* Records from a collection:
------------------------------------------------------------

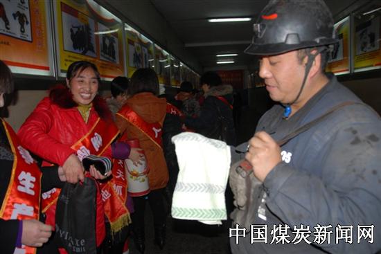 手捧着写有“安全”二字的鞋垫和崭新的毛巾,下井工人表示衷心的感谢,纷纷说“婆姨们”送的礼物最及时最贴心,在工作中,他们将“婆姨们”的温暖化作促生产的热情,上标准岗、干标准活,在各自的岗位上做出更大的成绩。
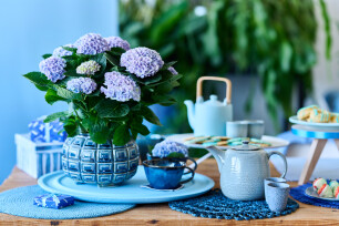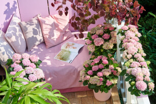 Magical hortensia's doen het ook uitstekend op het balkon of terras. De Magical Evolution is bijvoorbeeld zeer geschikt voor in potten. De plant blijft met z'n hoogte van 75 cm lekker compact en is daarom ideaal als je weinig ruimte op je balkon of terras hebt. Hortensia's houden van voldoende vocht, geef dus zeker in droge tijden regelmatig water. Belangrijk is dat in de bodem van de pot een afwateringsgat zit zodat overtollig water kan weglopen. Tijdens de zomermaanden af en toe verwennen met plantvoeding resulteert in een extra rijke en lange bloei.
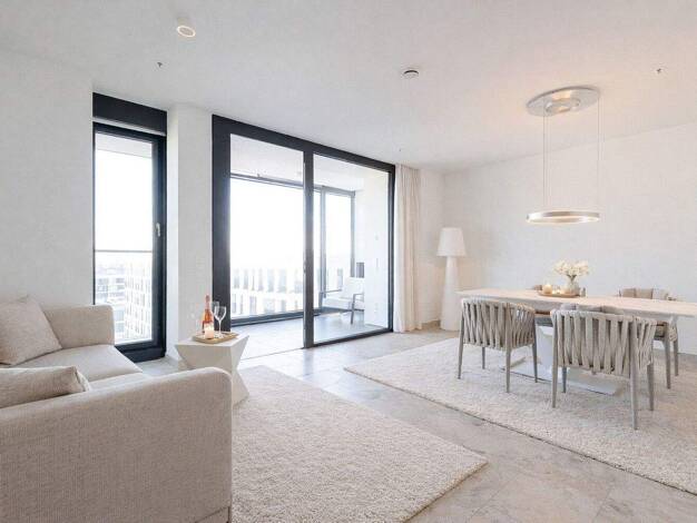 Im 8. Obergeschoss des renommierten Henninger Turms in Frankfurt am Main präsentiert sich ein exklusives Zwei-Zimmer-Appartement, das urbanen Lifestyle, architektonische Klarheit und technischen Komf...
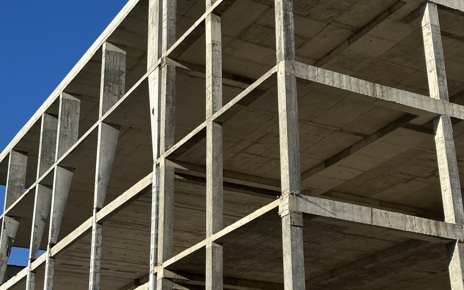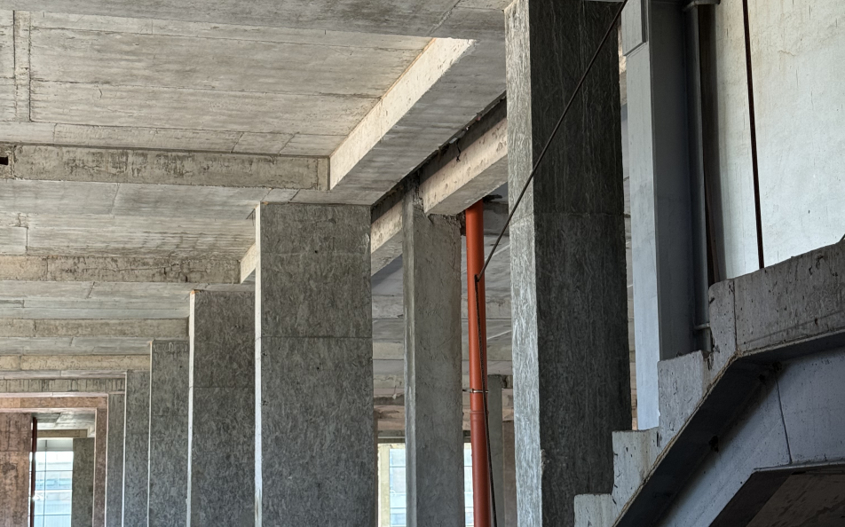 П’ятий поверх бізнес центру: стяжка підлоги, встановлення та укріплення бетонних колон.
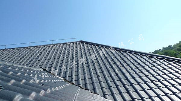 5、正、斜脊瓦安装搭接处应锯齐,正、斜脊瓦安装完毕后,再安装三通瓦。固定件为专用配件。固定时,选用电钻钻孔,孔径比钩钉丝杆大2mm。
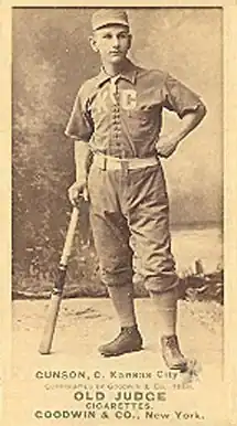 Born in Philadelphia, Gunson played for the Cleveland Spiders, Washington Nationals, Kansas City Cowboys, Baltimore Orioles, and St. Louis Browns from 1884 to 1893. He is sometimes credited with creating the first catcher's mitt when he was trying to play through an 1888 finger injury. Though Gunson was young and did not need the money, Jim Manning was going to help him patent it once Manning returned from a summer baseball tour. Gunson said that he told some other players about the glove and that many other players began using such a mitt before Manning came home.[1]
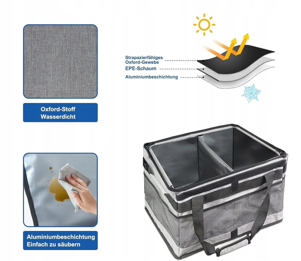 - ✅ Wytrzymały i trwały: wyprodukowany z wodoodpornej tkaniny Oxford z aluminiową powłoką wewnątrz. Łatwy do czyszczenia, dzięki stabilnej ramie ze stali nierdzewnej i zdejmowanej, grubej płycie dna kosz ma stabilność i wysoką nośność, co czyni go wspaniałym prezentem dla ojców i mężów, miłośników samochodowych i nie tylko.

------------------------------------------------------------

* Work instructions: What is needed is a word-for-word copy of the data above, free of any images.

* Problem solution:
 手捧着写有“安全”二字的鞋垫和崭新的毛巾,下井工人表示衷心的感谢,纷纷说“婆姨们”送的礼物最及时最贴心,在工作中,他们将“婆姨们”的温暖化作促生产的热情,上标准岗、干标准活,在各自的岗位上做出更大的成绩。
 Magical hortensia's doen het ook uitstekend op het balkon of terras. De Magical Evolution is bijvoorbeeld zeer geschikt voor in potten. De plant blijft met z'n hoogte van 75 cm lekker compact en is daarom ideaal als je weinig ruimte op je balkon of terras hebt. Hortensia's houden van voldoende vocht, geef dus zeker in droge tijden regelmatig water. Belangrijk is dat in de bodem van de pot een afwateringsgat zit zodat overtollig water kan weglopen. Tijdens de zomermaanden af en toe verwennen met plantvoeding resulteert in een extra rijke en lange bloei.
 Im 8. Obergeschoss des renommierten Henninger Turms in Frankfurt am Main präsentiert sich ein exklusives Zwei-Zimmer-Appartement, das urbanen Lifestyle, architektonische Klarheit und technischen Komf...
 П’ятий поверх бізнес центру: стяжка підлоги, встановлення та укріплення бетонних колон.
 5、正、斜脊瓦安装搭接处应锯齐,正、斜脊瓦安装完毕后,再安装三通瓦。固定件为专用配件。固定时,选用电钻钻孔,孔径比钩钉丝杆大2mm。
 Born in Philadelphia, Gunson played for the Cleveland Spiders, Washington Nationals, Kansas City Cowboys, Baltimore Orioles, and St. Louis Browns from 1884 to 1893. He is sometimes credited with creating the first catcher's mitt when he was trying to play through an 1888 finger injury. Though Gunson was young and did not need the money, Jim Manning was going to help him patent it once Manning returned from a summer baseball tour. Gunson said that he told some other players about the glove and that many other players began using such a mitt before Manning came home.[1]
 - ✅ Wytrzymały i trwały: wyprodukowany z wodoodpornej tkaniny Oxford z aluminiową powłoką wewnątrz. Łatwy do czyszczenia, dzięki stabilnej ramie ze stali nierdzewnej i zdejmowanej, grubej płycie dna kosz ma stabilność i wysoką nośność, co czyni go wspaniałym prezentem dla ojców i mężów, miłośników samochodowych i nie tylko.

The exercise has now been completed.